White to his lips, pure fright in his eyes, Bransby contrived to reach a chair by a side-table on which a tantalus stood unobtrusively. It always was there. There was one like it in his bedroom, and another in his private room at the office. And Richard Bransby was an abstemious man, caring little for his meat, nothing at all for his drink. Tobacco he had liked once, but Latham had stinted him of tobacco. With the greatest difficulty he managed to pour out some brandy—and to gulp it. For a short space he sat motionless with closed eyes. But some one was coming.

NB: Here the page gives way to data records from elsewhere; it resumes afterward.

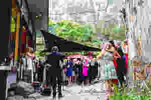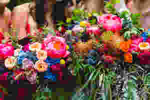 The reception ensued with an amazing feast provided by Qdos surrounded by works of art and the most amazing and fitting decor. The guests were given little native trees to plant - perfect gift as Al works in Landcare Australia. Also guests were given the opportunity to take home posies of gorgeous flowers - Gillian Pollard again - from the indoor forest of flowers. Wow! The speeches were given, wine was enjoyed, and the night was danced away.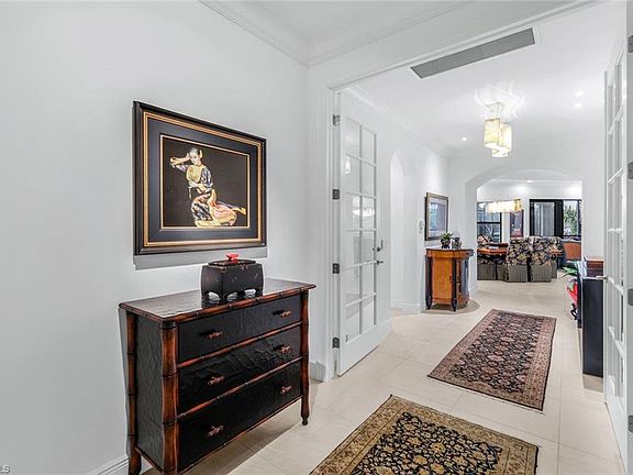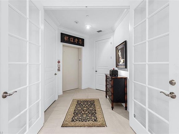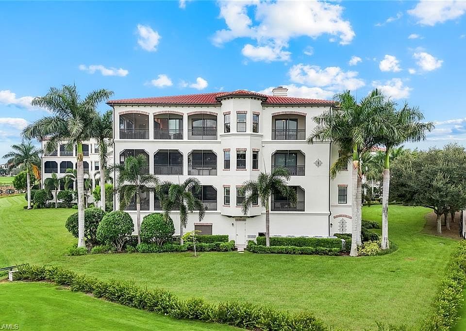 TOP FLOOR PENTHOUSE WITH PRIVATE VIEWS OF THE FIRST HOLE AND TWO WATERFALLS AND PRIVACY! Step into this exclusive penthouse overlooking the first hole and cascading waterfalls in the Carrara enclave of Talis Park, where timeless design and refined upgrades create a sense of private serenity. Soaring ceilings, tile flooring throughout, designer lighting, and zero-corner sliders set the tone for seamless indoor-outdoor living, filling the home with light and calm. As you enter the open-concept living and dining areas, you are immediately greeted by sweeping golf and water views that frame each moment in peaceful elegance, providing both intimacy and space for entertaining. From here, you flow into the chef-inspired kitchen, where crisp white cabinetry, gas cooking, a Miele dishwasher, custom pull-out storage, and generous counter space meet convenience, complemented by a Kinnectico water system with reverse osmosis and instant hot water dispenser. The kitchen opens to a sunlit eat-in nook surrounded by windows, perfect for casual meals or morning coffee. Built into the nook, a custom wine and beverage center offers generous storage for bottles, sleek countertops, and lighted upper cabinetry for display and organization—blending style and practicality for entertaining or everyday enjoyment. Continuing through, the expansive wraparound lanai—freshly painted and offering multiple seating areas—feels like an extension of the home itself, blurring the line between indoors and out. Remote-controlled electric roll-down hurricane shutters ensure effortless protection while preserving the stunning panorama. As you move into the primary suite, the space unfolds as a private haven, featuring dual sinks, soaking tub, separate shower, Toto toilet seat, remote-controlled blackout shade, and a custom California Closet. Each guest suite offers relaxing comfort, ample storage, and thoughtful design, ideal for vacation living or enjoying Southwest Florida, while a versatile den provides flexibility as a home office, library, or media space, maintaining the home’s sense of ease and refinement. Every detail enhances daily living, from electric blinds, trash chute, a self-cleaning tankless water heater, and private elevator access with secure video entry. A large storage room, with a dehumidifier, adds convenience, while an IFLO system ensures additional peace of mind. As you step back and take in the full panorama, you realize this isn’t just a home—this penthouse is your private sanctuary in the heart of Naples, complete with access to Carrara’s private resort-style pool and sundeck, along with Talis Park’s world-class amenities: championship golf, tennis, pickleball, bocce, spa services, fitness, and multiple dining venues. Perfectly situated just minutes from beaches, shopping, and fine dining, every moment here feels deliberately calm, effortless, and luxurious.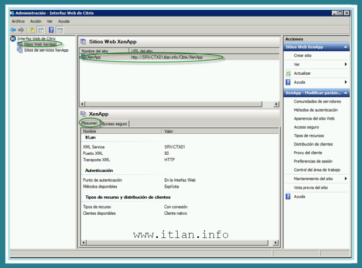 Como observareis en el Paso 15 hay dos tipos de Sitios en la Iterfaz Web de Citrix XenApp 6.5.

With a tremendous effort he pulled himself together. He got out of the chair, tell-tale near that tantalus, and with the criminal-like secretiveness of a very sick man, pushed his glass behind the decanter. He had sauntered to another seat, moving with a lame show of nonchalance, and taking up his old plaything, when the footsteps he had heard came through the door.
It was Horace Latham. “Alone?”
“Oh! is that you, doctor? Come in—come in. Have a cigar?”
The physician stood behind his host, smiling, debonair, groomed to a fault, suspiciously easy of manner, lynx-eyes apparently unobservant, he himself palpably unconcerned. “Thanks,” he said—“I find a subtle joy in indulging myself in luxuries which my duties compel me to deny to others.” He chose a cigar—very carefully—from the box Bransby had indicated. But he diagnosed those Havanas with his touch-talented finger-tips. His microscope eyes were on Bransby.
Bransby knew this, or at least feared it, though Latham stood behind him.
Still fighting desperately against his weakness (he had much to do just now; Latham must not get in his way), he said, doing it as well as he could, “Oh, I—I don’t mind—next to smoking myself—I like to watch some one else enjoying a good cigar.”
Latham’s face did not change in the least, nor did his eyes shift. He came carelessly around the table, facing his host now, never relaxing a covert scrutiny, as bland as it was keen. “In order,” he said, “to give you as much pleasure as possible I shall enjoy this one thoroughly. Can you give me a match?”
“Of course. Stupid of me.” Bransby caught up a match-stand with an effort and offered it. Latham pretended not to see it. Bransby was forced to light a match. He contrived to, and held it towards Latham, in a hand that would shake. The physician threw his cigar aside with a quick movement, and caught his friend’s wrist, seized the flaming match and blew it out.
“I knew it,” Latham said sternly. “Bransby, you are not playing fair with me. You’ve just had another of those heart attacks.”